Ensuring the absence of duplicate entries in the merged open-source datasets was crucial. To achieve this, we cross-referenced the data with existing open-source datasets. Any identified duplicate samples were eliminated to reduce redundancy, thereby preventing potential impacts on subsequent model training and analysis performance.

During the preprocessing phase, social media posts and articles, known to include emojis and external links (URLs) frequently, underwent processing to enhance their suitability for distinguishing between genuine and fake news. The tweet-preprocessor package was used to eliminate emojis and URLs from the texts because of their low distribution in classification.

All the labels were encoded as “0” (stands for genuine) and “1” (stands for fake), respectively. The distribution of our dataset is illustrated in Figure S1 in Multimedia Appendix 1. As the public data sources exhibited a bias toward the “fake” category, an imbalanced label distribution was observed in the dataset. Therefore, we employed stratified sampling, allocating 10% of the data for testing and 90% for training. This sampling approach ensures consistent label proportions in both the test and training sets, thereby preventing the potential insufficiency of “genuine” samples that may arise from random sampling.

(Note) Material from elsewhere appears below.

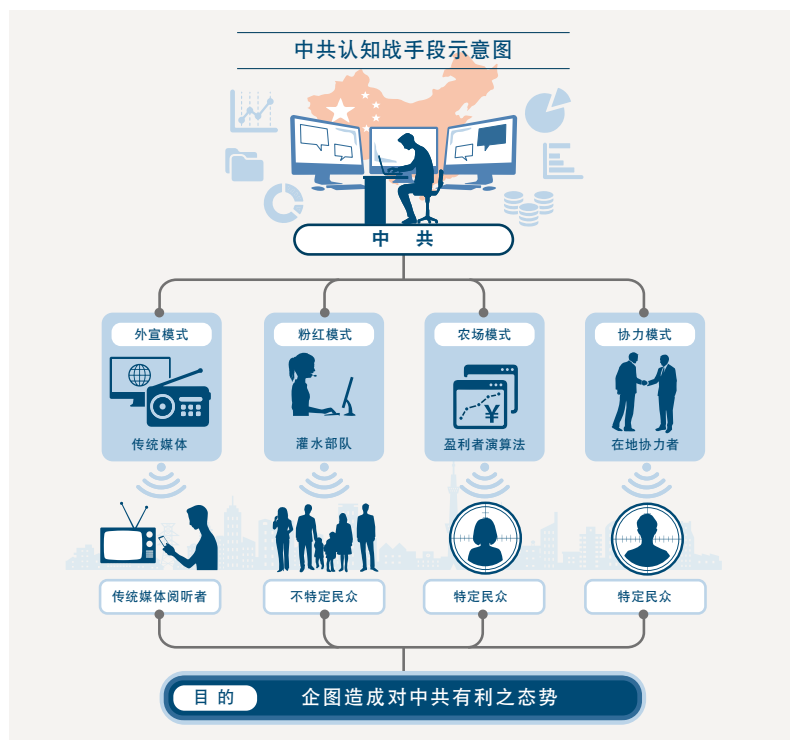
图2-6 台湾国防报告中记载的“认知战”手段示意图

(出处) 根据中华民国 110 年国防报告书编纂委员会编《中华民国 110 年国防报告书》国防部，2021 年，第 44 页制作。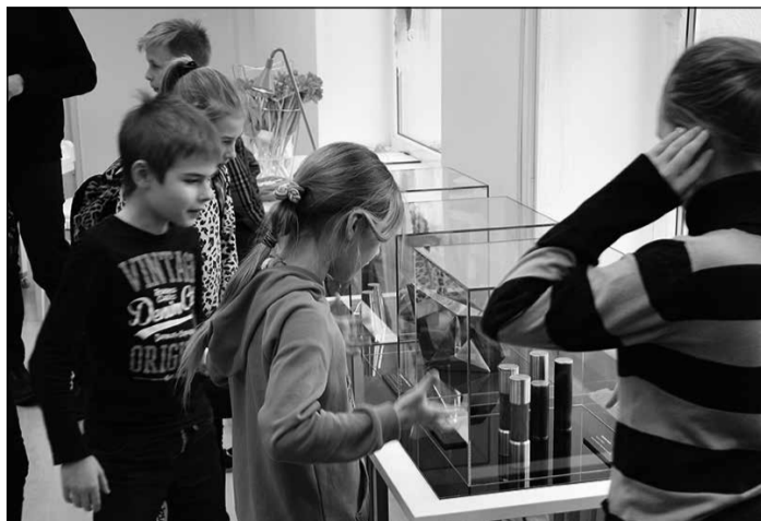
Ikšķiles Mūzikas un mākslas skolas audzēkņi iepazīst metāla mākslu.

The preprocessing pipeline followed the aforementioned sequence. First, using pandas, duplicate entries were identified and removed, retaining one instance per unique sample. Second, emojis and URLs were removed with tweet-preprocessor to enhance textual clarity and clean the text data. Third, we carried out label encoding. Labels were encoded as “0” for genuine and “1” for fake news. Fourth, we split the dataset. Given the imbalanced nature of our data, which had a higher number of “fake” samples, we employed stratified sampling (using scikit-learn) to ensure consistent label proportions. Specifically, 90% (2634/2927) of the data were allocated for training, and 10% (293/2927) were allocated for testing.

Data Analysis

Overview

The data analysis included keyword occurrences, sentiment analysis, and subjectivity values. The analysis aimed to get deeper insights from the collected dataset and identified different distributions between genuine and fake articles.

Keyword Occurrences

By analyzing the frequency of certain keywords in the data, we were able to gain a better understanding of the public’s interests. In Figure S2 in Multimedia Appendix 1, we can see that over 50% of the fake samples contain the term “immune,” while only a few genuine samples feature it. The term “recovery” is primarily used in genuine samples but is also present in a similar proportion of fake samples. Other keywords such as “variant,” “complication,” and “chronic” also appear more frequently in fake samples. This suggests that such terms are often used to spread fake news.

Sentiment Analysis

Sentiment analysis can explain an article’s tone, whether positive, negative, or neutral. Additionally, it can estimate the subjectivity of the text, distinguishing between genuine information and our opinions. To gain deeper insights into the textual data sourced from open-source databases and fact-checking websites, the TextBlob package [19] was used for sentiment analysis. TextBlob’s sentiment analysis assigns a polarity value ranging from –1 to 1, indicating the sentiment from entirely negative to entirely positive. To classify sentiments based on polarity, we categorized them into the 5 groups, outlined in Textbox 2.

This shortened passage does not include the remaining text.